Israelites in the Desert

We can’t forget them. They had just been miraculously set free after 400 years of slavery. They had just seen the river turn to blood and frogs, gnats, locusts, flies, and darkness cover the land. They had witnessed supernatural protection of their firstborns while every other firstborn child and animal in Egypt was killed on the same night. Not to mention the cool part about crossing the Red Sea and being guided by fire and a cloud. But they grumbled about food. I’m starting to see a trend. Food makes me grumpy too, so I will not be judgmental.



God graciously satisfied their hunger. As He does mine. But some of them hoarded the food, against God’s instructions. And the next morning it was full of maggots and began to smell. Just a side note: I sometimes think if my stashed-away treats were filled with maggots if it would be easier to resist them. Back to the point: food caused them to be grumpy, to disobey, and to hoard. (Exodus 7-16)

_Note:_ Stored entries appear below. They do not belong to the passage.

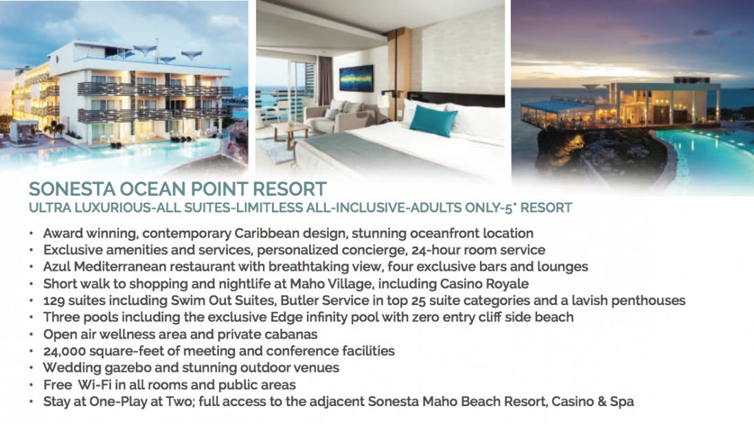 Sonesta Resorts offers the signature "Stay at One Play at Two" for guests of Sonesta Ocean Point to fully experience both properties. Starting February 1, 2019, Sonesta Ocean Point guests will have access to the facilities at Sonesta Maho Beach Resort, coinciding with the re-opening. We will of course provide site inspections for both properties for all agents and of facilities available at Sonesta Maho Beach Resort prior to the re-opening.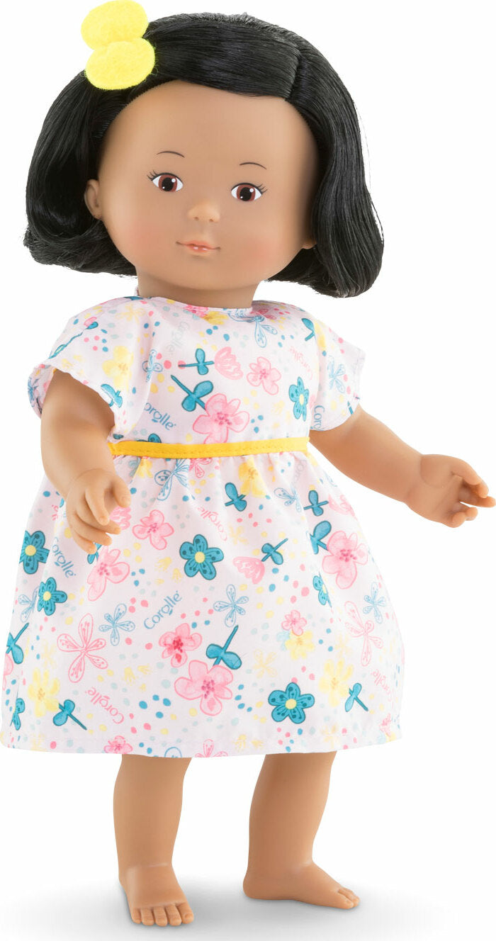 Florolle Capucine is 13-inch soft body doll, the perfect size for young make-believe moms and dads to hug and love. She has black, securely rooted hair, a playful look in her brown painted eyes and a cheerful smile on her face! Her head and limbs are made of soft, supple vinyl that is delicately scented with vanilla, a Corolle signature. Dressed in a floral-print dress and with a matching scrunchie in her hair, Capucine is part of the les Florolles Corolle collection, specially designed for little ones playing with dolls for the first time. Ages 18 months and up. (Doll cannot stand alone.)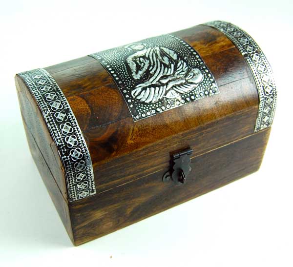 Box Wooden Chest With Metal Buddha Symbol 6X4 Inch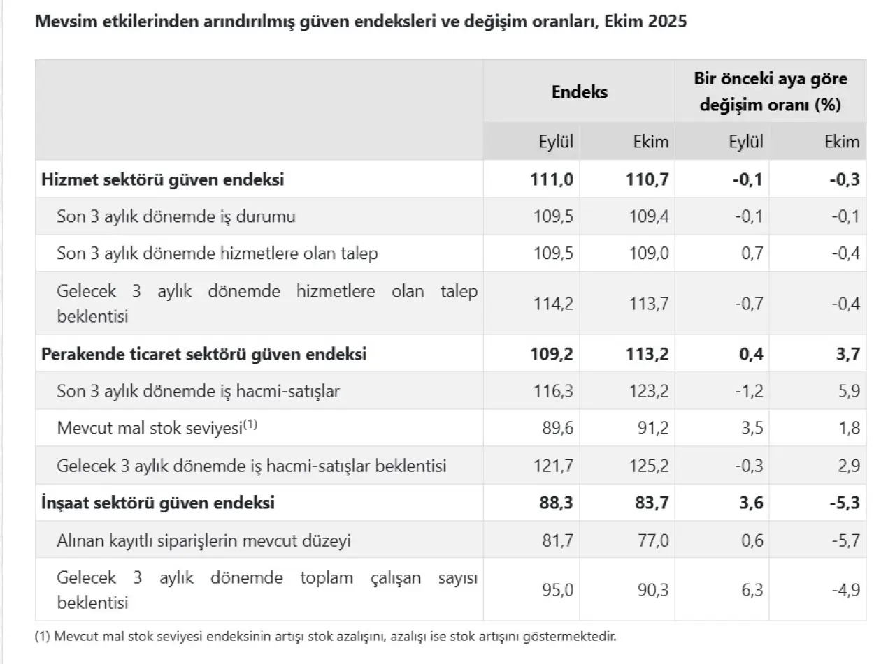 Türkiye İstatistik Kurumu’nun (TÜİK) verilerine göre, Ekim 2025 itibarıyla ekonomik güvenin sektörel dağılımında hizmet ve inşaatta gerileme, perakende ticarette ise toparlanma yaşandı. Mevsim etkilerinden arındırılmış verilere göre;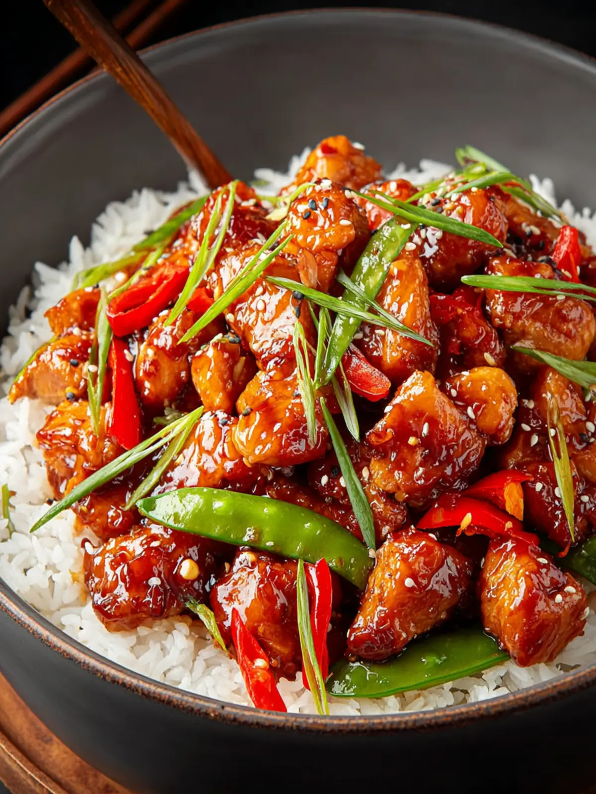 A delicious stir-fry featuring marinated chicken, colorful vegetables, and a sweet chili sauce.

Abraham moved from Canaan to Egypt. Isaac moved from Canaan to Philistia. Naomi moved from Israel to Moab.
Abraham moved from Canaan to Egypt. Isaac moved from Canaan to Philistia. Naomi moved from Israel to Moab. | Source

Moving Due to Hunger

Have you ever noticed how many passages in the Old Testament start with “there was a famine”? It’s kind of the transition phrase to show why someone is going to do something. People change when they are hungry. Not always for the better. In fact, not usually for the better.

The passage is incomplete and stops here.